As it can be seen in these figures, as soon as the vehicle’s velocity increases, the corresponding peaks of the PSD functions clearly move away from the identified natural frequencies of the bridge. Therefore, the evaluation of the main frequencies of the structure related to the two PSD functions obtained with higher vehicle’s velocity, that is Case #2 and Case #3, is hindered by the excessive velocity of the vehicle. Overall, data show that low vehicle’s velocity would be required for an accurate estimation of the structural frequencies when the VBI-based approach is employed. Notably, these results confirm those numerically determined using the simple model in Sect. 2.

In conclusion, it should be noted that results reported in Figs. 14, 15, 16 and 17 show a considerable number of relative maxima. However, as it can be seen in Figs. 14 and 15, PSDs related to the lowest vehicle’s speed more clearly show the peaks corresponding to the first bridge natural frequencies. Further, a combination of a preliminary OMA-based test, carried out with a very simple set-up, and the proposed VBI-based procedure (using an appropriate vehicle speed), as here defined, could be employed to facilitate the dynamic identification of the structural parameters.

6 Concluding remarks

The feasibility of a vehicle–bridge interaction (VBI) based identification approach, in which a passing vehicle is used as a moving sensor to estimate the natural frequencies of a bridge, has been tested in this study. First, a mathematical background of the problem has been presented, and the equations of motion which govern the interaction phenomenon between the vehicle and the bridge have been analyzed. With this aim, different variables that influence the correct application of the proposed procedure have been analyzed. In this regard, it has been pointed out that the velocity of the test vehicle and its frequency represent the main features to influencing the VBI-based identification procedure.

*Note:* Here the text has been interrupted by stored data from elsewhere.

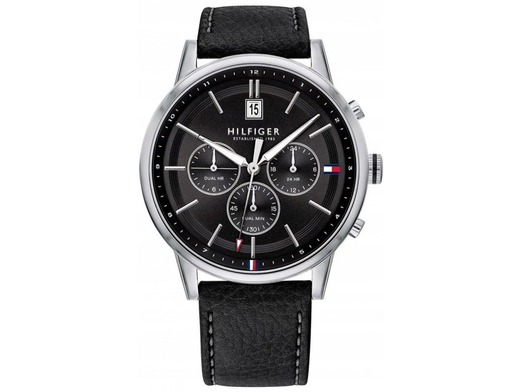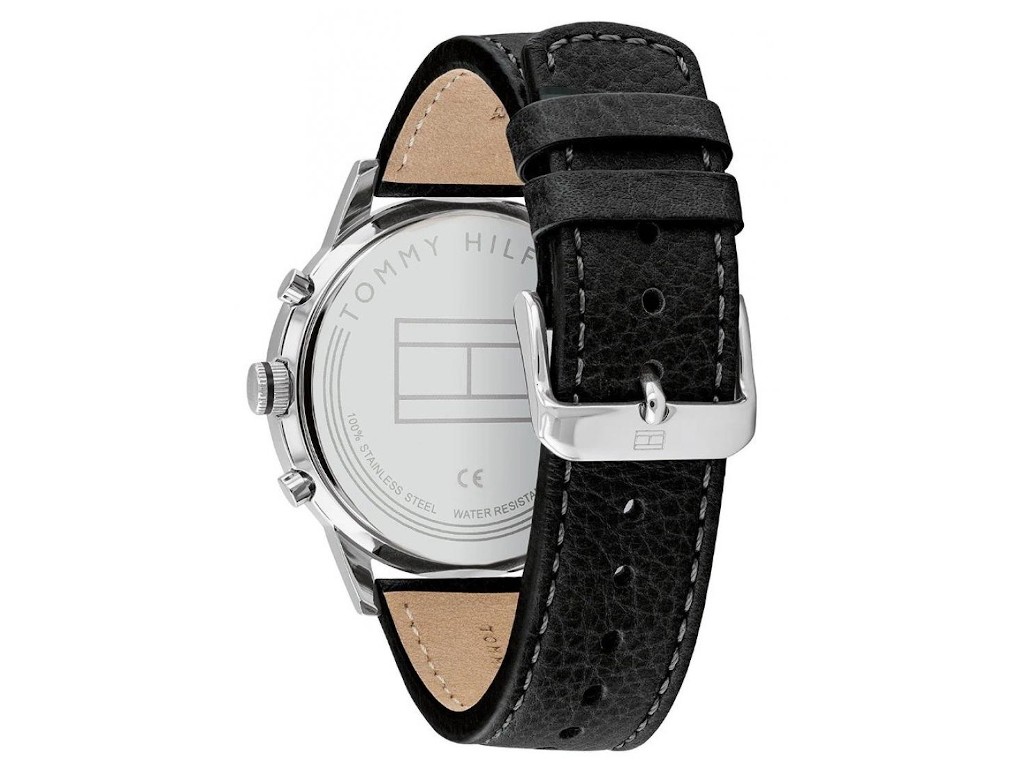Oryginalny pasek do zegarka marki Tommy Hilfiger TH1791630, wykonany ze skóry naturalnej w kolorze czarnym, sprzączka wykonana ze stali nierdzewnej w kolorze czarnym połysk z logo marki, przeszyty jasną nicią, gładki, na pasku z logo marki.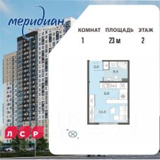 Продается студия, площадью 23.3 м2 в монолитно-кирпичной новостройке в 11 мин. транспортом от м.Чкаловская. Возможен вариант покупки с использованием ипотечных средств, есть рассрочка. Жилая площадь 10.4 м2, кухня 5 м2, чистовая отделка. Раздельных санузлов - нет, балконов - нет, лоджий - нет. Квартира располагается на 2 этаже 24-этажного дома в ЖК Меридиан. Застройщик - Специализированный застройщик ЛСР. Недвижимость-Урал, сдача дома - I квартал 2026 года, высота потолков 2.5 м. Парковка автомобилей - наземная. Инфраструктура: школа, детский сад, детские площадки, спортивные площадки, места для отдыха, супермаркет. "Меридиан" - уютный жилой комплекс от "Группы ЛСР", который расположен в активно развивающейся части Екатеринбурга - Академическом районе. За счет близости лесного массива и реки Патрушихи в локации сложилась благоприятная экологическая обстановка. В состав жилого квартала "Меридиан" входит шестнадцать панельных домов высотой от 8 до 25 этажей с разноцветными фасадами, а также здание образовательного центра. Новостройка расположена в юго-западной части Екатеринбурга, недалеко от ЕКАД, на границе микрорайонов Академический и Широкая речка, рядом с улицей Суходольская, по соседству с малоэтажным кварталом "Мичуринский". Позвоните и узнайте условия покупки прямо сейчас! Квартира-студия в ЖК Меридиан в Екатеринбурге.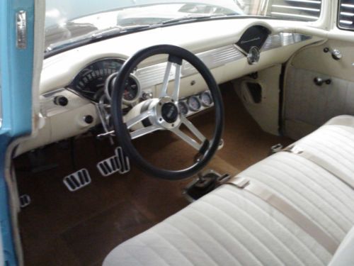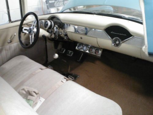 1956 chevy 150 sedan, has a 350 4bolt main, crane cam, supercharged, m-20 munice 4-speed ,lakewood bell housing , 3 inch exhaust, 373 richmond gears, auburn posi, 2 inch dropped spindles and rear blocks, sway bars front and back, disc brakes front and drum rear, the car was done in 2004 paint good and so is the glass.interior color is beige and in good shape.good running car.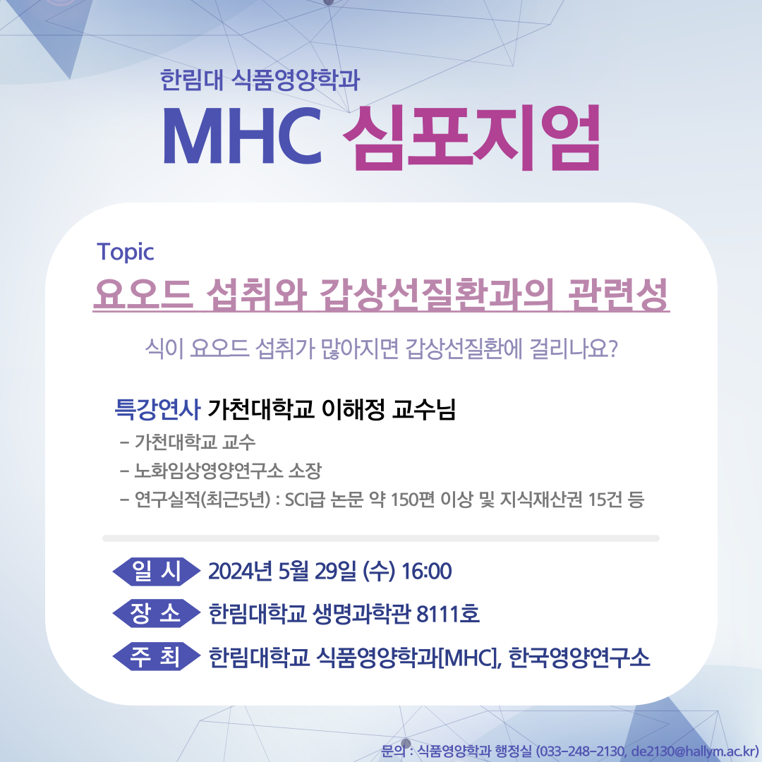 5월 월간세미나는 식품영양학과 MHC와 공동주최로 개최됩니다.
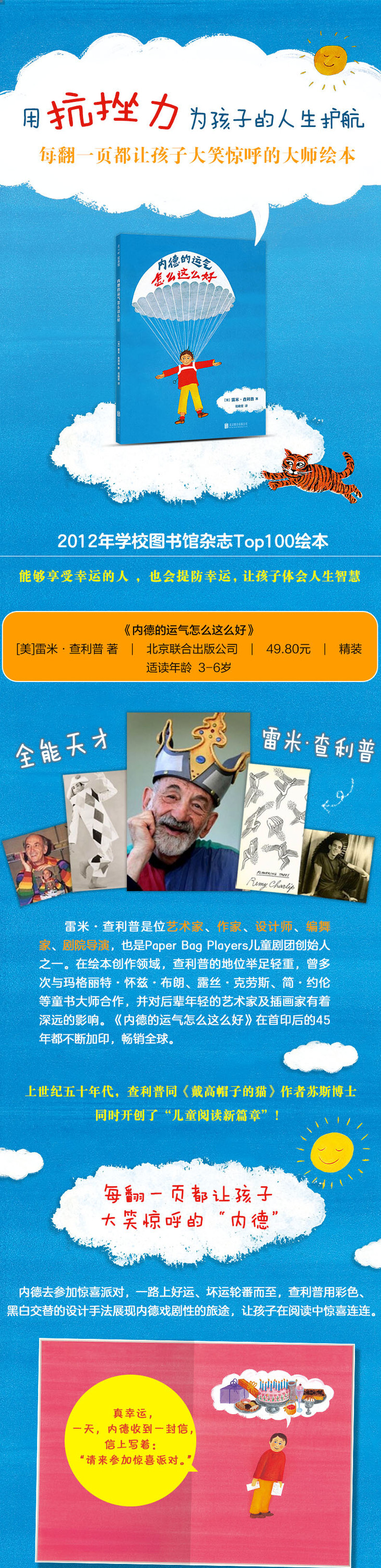 艺术家、作家、设计师、编舞家、剧院导演,THE PAPER BAG PLAYERS儿童剧团创始人之一。该剧团成立60年来,获得过奥比奖、纽约艺术奖、百老汇戏剧学院戏剧奖等众多奖项。在绘本创作领域,雷米·查利普的地位也举足轻重,他曾多次与知名作家,包括玛格丽特·怀兹·布朗、露丝·***、简·约伦等合zuo,并对后辈年轻的艺术家及插画家有着深远的影响。《内德的运气怎么这么好》出版至今不断加印,深受孩子的喜欢。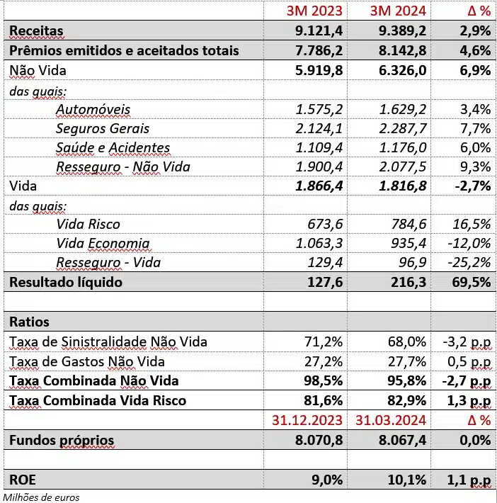 - As receitas, que incluem os prêmios e as receitas por serviços, chegaram 130 milhões, representando um crescimento de 13,5% e registrando um lucro líquido de 1,4 milhões de euros.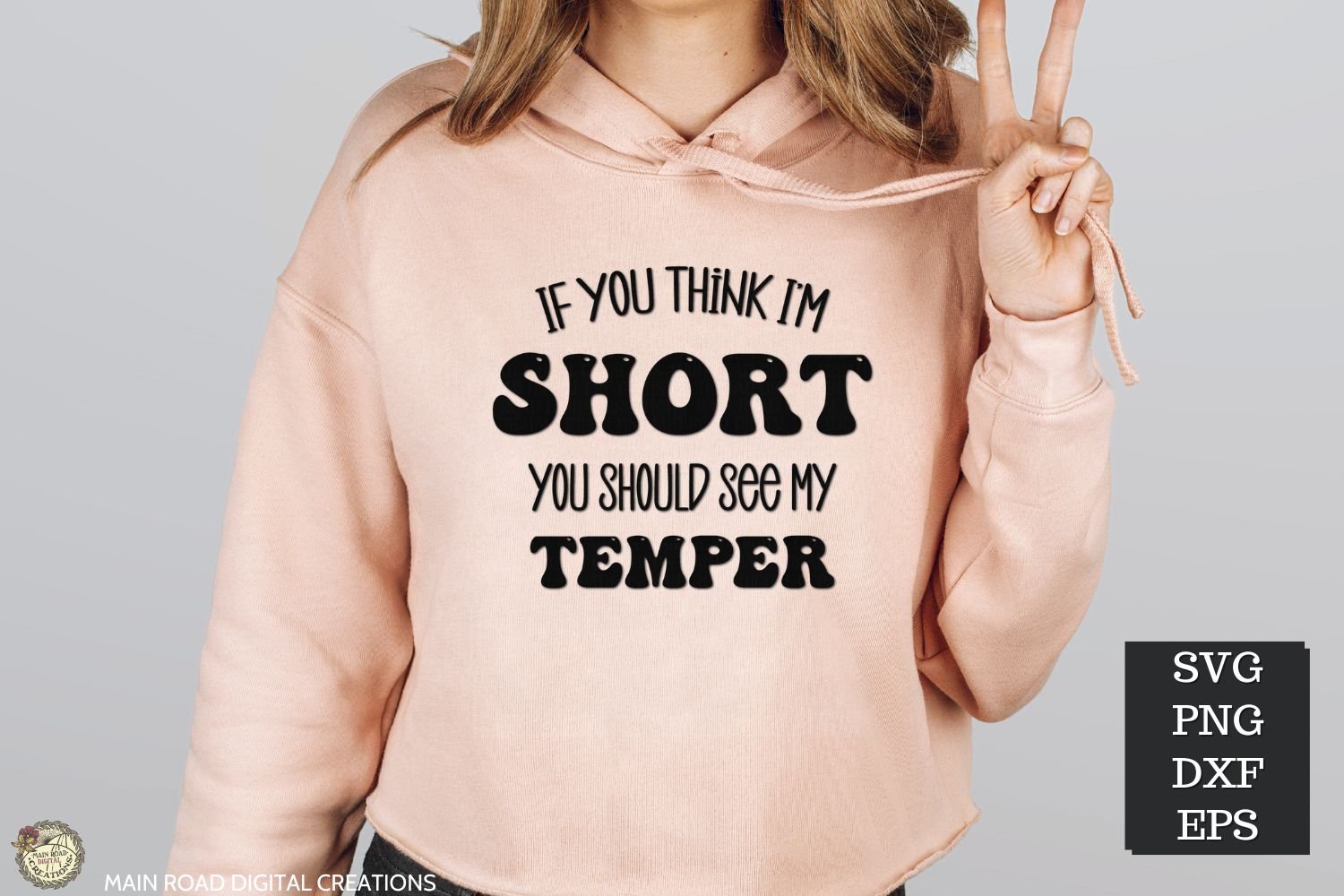 Add a little sass to your next craft project with this bold and funny "If You Think I'm Short You Should See My Temper" SVG. Featuring a playful mix of fonts that highlight the punchline, this design is perfect for a variety of products, including hoodies, tumblers, mugs, tote bags, and more. Great for crafting gifts or making something fun for yourself.

On this base, a vast experimental campaign has been carried out to examine the validity of the proposed method for the dynamic identification of the structures. Specifically, tests have been carried out on the Corleone bridge in Palermo (Italy). Notably, for the first time, aiming at reducing the mechanical vibrations related to the use of common vehicles with thermal engine, in these tests, a hybrid car has been employed. Further, the vehicle’s vertical accelerations have been acquired using both a classical piezoelectric accelerometer and a common smartphone, that is equipped with a MEMS accelerometer. In this manner, the possibility of exploiting this widespread and low-cost technology for performing the VBI-based approach has been investigated. Further, tests have been also carried out considering several vehicle’s velocity to investigate the influence of this parameter on the accuracy of the procedure. Finally, results have been compared with data obtained applying a classical Operational Modal Analysis identification procedure, using piezoelectric accelerometers rigidly connected to the structure.

In this regard, results have shown that the velocity of the vehicle is crucial to obtain the best possible results. Specifically, it has been noticed that the accuracy of the procedure increases as soon as the velocity of the vehicle decreases, confirming the numerical results of the mathematical model. Further, by comparing the results obtained with the smartphone MEMS accelerometer and those obtained by the classical piezoelectric one, it has been shown how even this low-cost and commonly employed technology allows to obtain accurate results. Notably, this is particularly important for a possible future implementation of a crowd-sensing system for a massive monitoring of the infrastructures in our road network, which could be based on the use of the proposed VBI approach.